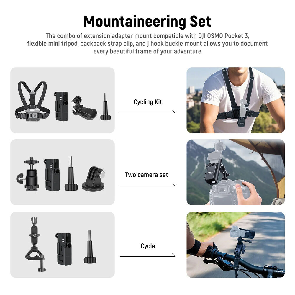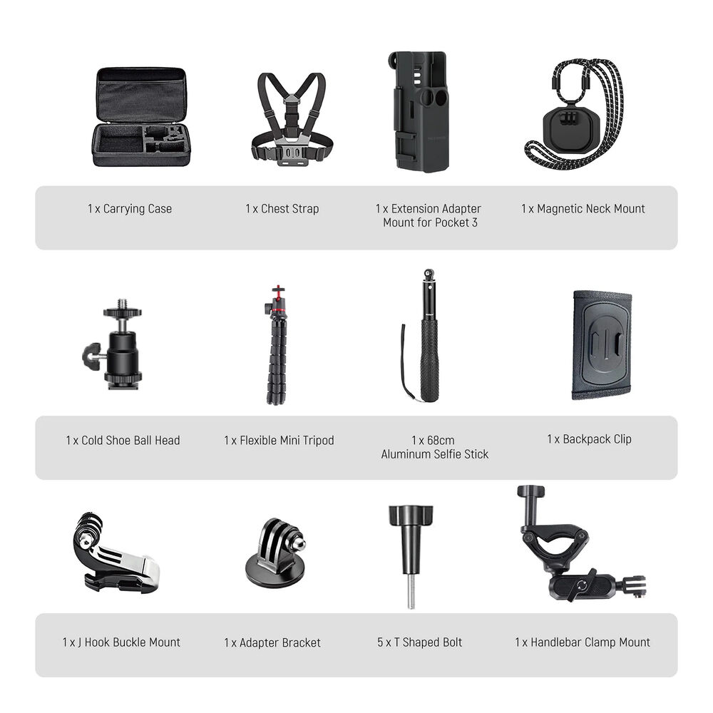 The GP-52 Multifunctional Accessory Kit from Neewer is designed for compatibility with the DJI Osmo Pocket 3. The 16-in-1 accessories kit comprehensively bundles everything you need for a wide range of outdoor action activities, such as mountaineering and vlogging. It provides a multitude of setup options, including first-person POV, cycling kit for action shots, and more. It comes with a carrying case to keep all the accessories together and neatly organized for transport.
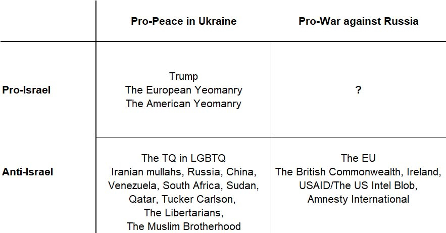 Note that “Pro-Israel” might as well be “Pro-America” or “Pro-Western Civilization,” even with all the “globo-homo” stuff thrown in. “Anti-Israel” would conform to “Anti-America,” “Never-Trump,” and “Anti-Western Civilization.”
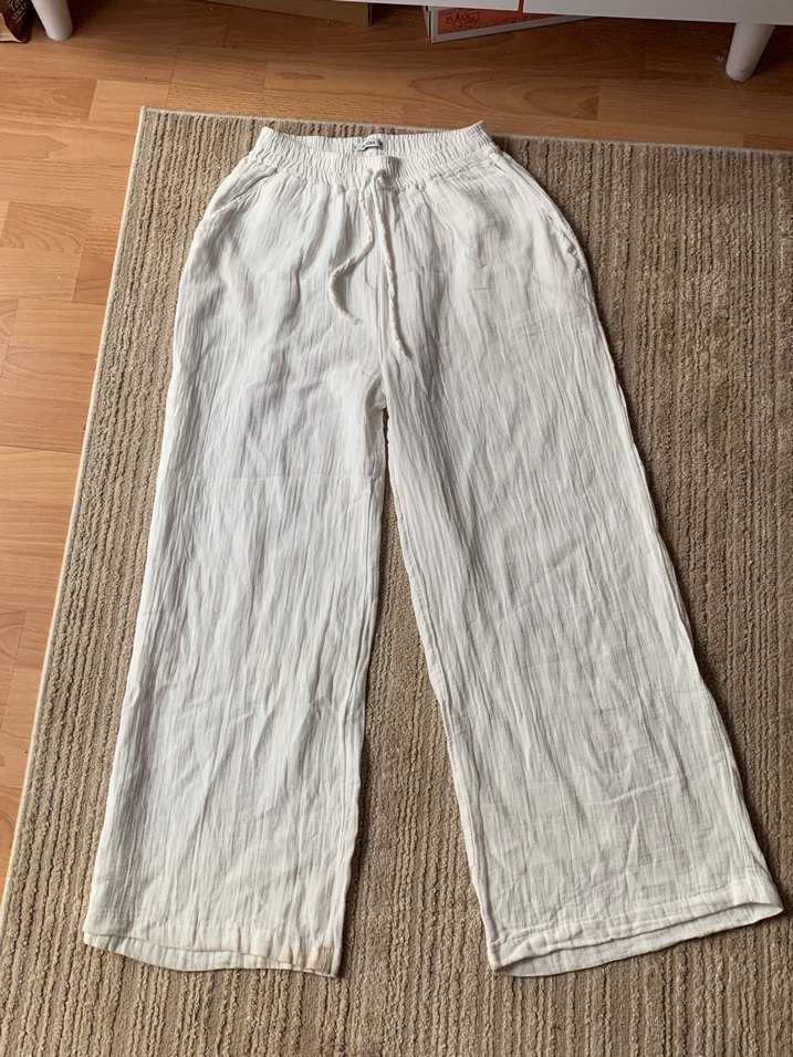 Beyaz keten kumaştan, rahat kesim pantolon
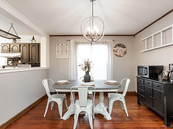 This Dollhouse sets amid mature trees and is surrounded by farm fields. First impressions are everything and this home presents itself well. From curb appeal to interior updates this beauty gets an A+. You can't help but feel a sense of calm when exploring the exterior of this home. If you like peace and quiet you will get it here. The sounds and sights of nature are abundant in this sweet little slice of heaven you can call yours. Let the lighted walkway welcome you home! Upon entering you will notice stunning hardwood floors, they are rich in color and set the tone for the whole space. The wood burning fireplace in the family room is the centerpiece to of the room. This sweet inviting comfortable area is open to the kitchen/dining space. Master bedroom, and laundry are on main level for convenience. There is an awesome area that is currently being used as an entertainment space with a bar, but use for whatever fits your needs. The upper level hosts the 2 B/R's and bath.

--- --- ---

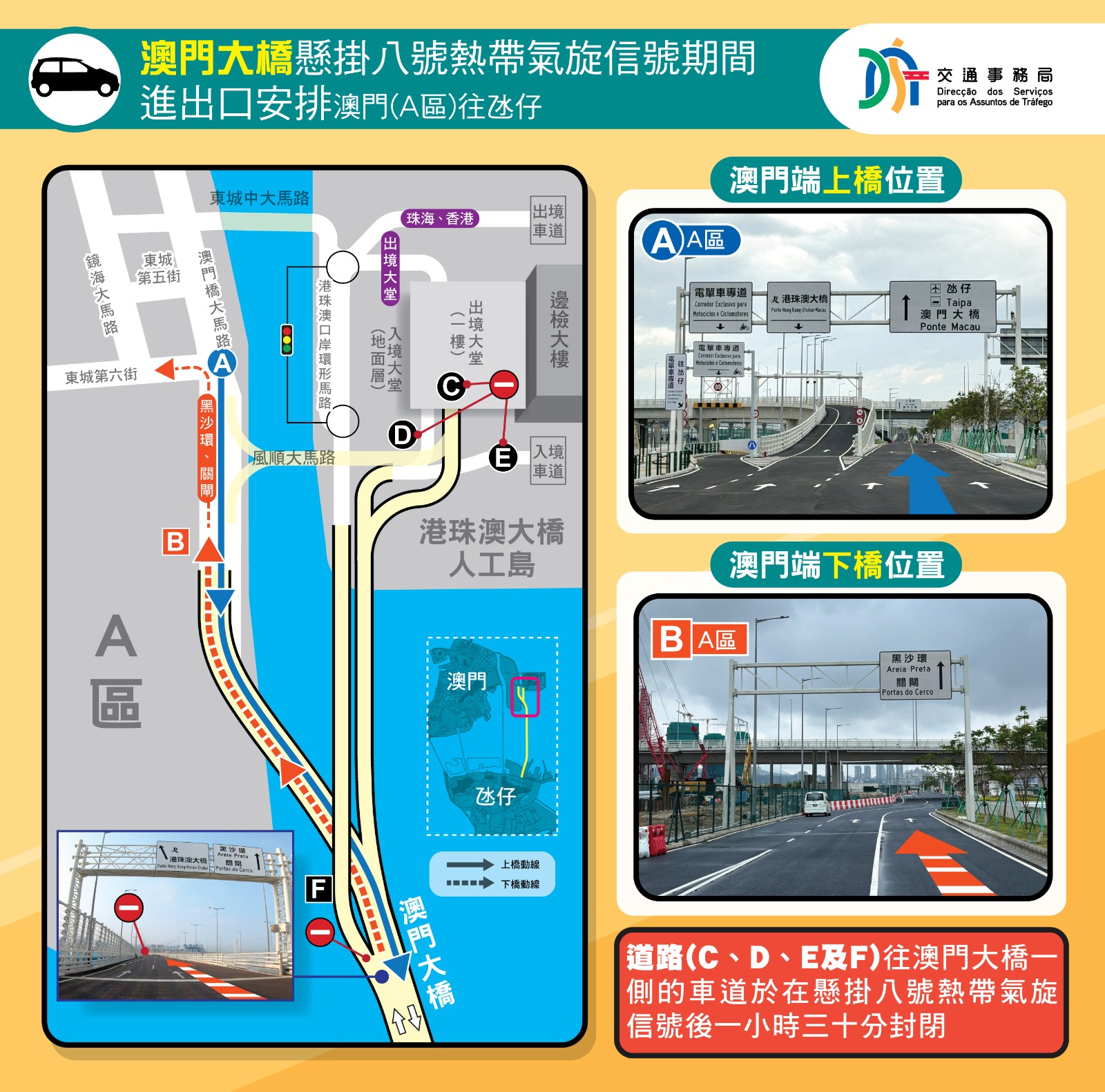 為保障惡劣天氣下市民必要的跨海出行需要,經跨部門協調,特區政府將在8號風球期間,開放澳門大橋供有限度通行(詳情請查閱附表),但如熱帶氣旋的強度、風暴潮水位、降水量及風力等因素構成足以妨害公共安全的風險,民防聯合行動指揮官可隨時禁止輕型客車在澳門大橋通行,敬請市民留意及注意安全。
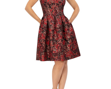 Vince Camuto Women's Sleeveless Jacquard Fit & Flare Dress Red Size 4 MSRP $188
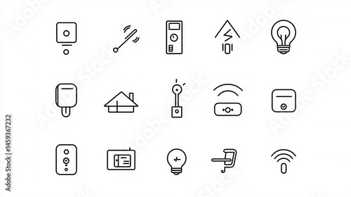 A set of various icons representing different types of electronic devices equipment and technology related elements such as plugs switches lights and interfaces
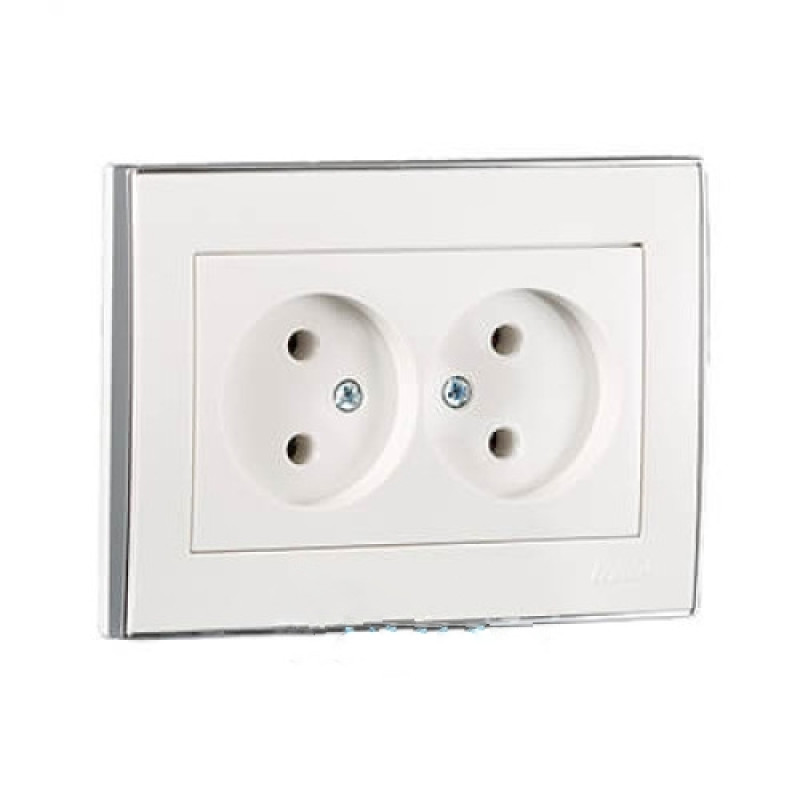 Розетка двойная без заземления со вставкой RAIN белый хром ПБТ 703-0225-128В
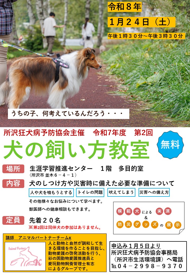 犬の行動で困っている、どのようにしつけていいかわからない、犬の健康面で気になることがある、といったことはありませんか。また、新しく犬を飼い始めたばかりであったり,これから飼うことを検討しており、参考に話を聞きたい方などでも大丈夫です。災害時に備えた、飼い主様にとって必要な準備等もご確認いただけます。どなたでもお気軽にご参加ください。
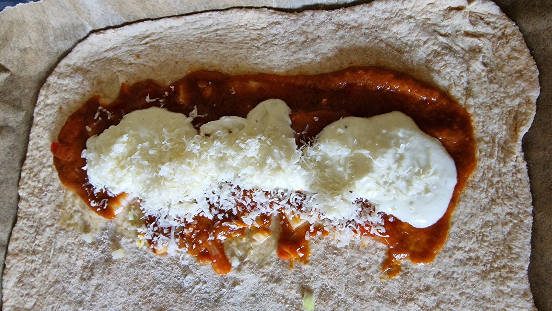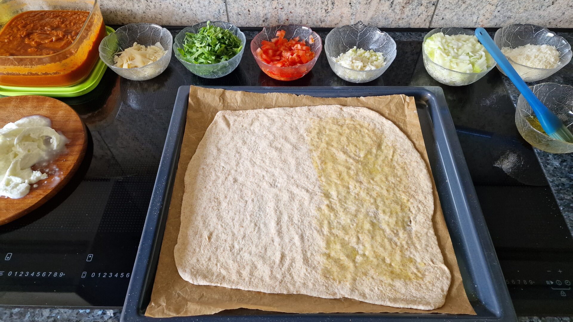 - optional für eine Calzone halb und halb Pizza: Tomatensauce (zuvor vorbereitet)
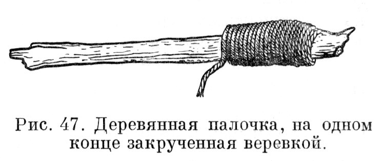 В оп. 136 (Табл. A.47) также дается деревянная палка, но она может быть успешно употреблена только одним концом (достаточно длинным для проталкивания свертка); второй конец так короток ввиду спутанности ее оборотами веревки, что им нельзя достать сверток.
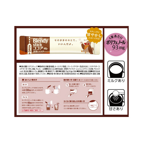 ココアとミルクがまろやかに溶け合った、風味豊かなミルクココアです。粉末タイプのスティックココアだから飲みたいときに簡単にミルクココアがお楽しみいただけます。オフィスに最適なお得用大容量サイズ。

--- --- ---

**PROBLEM TO WORK ON**
Among the entries above, take the lines from the one with "為保障惡劣天氣下市民必要的跨" through the one with "Розетка двойная без" and retype them exactly, leaving out the pictures.

**REPLY**
 為保障惡劣天氣下市民必要的跨海出行需要,經跨部門協調,特區政府將在8號風球期間,開放澳門大橋供有限度通行(詳情請查閱附表),但如熱帶氣旋的強度、風暴潮水位、降水量及風力等因素構成足以妨害公共安全的風險,民防聯合行動指揮官可隨時禁止輕型客車在澳門大橋通行,敬請市民留意及注意安全。
 Vince Camuto Women's Sleeveless Jacquard Fit & Flare Dress Red Size 4 MSRP $188
 A set of various icons representing different types of electronic devices equipment and technology related elements such as plugs switches lights and interfaces
 Розетка двойная без заземления со вставкой RAIN белый хром ПБТ 703-0225-128В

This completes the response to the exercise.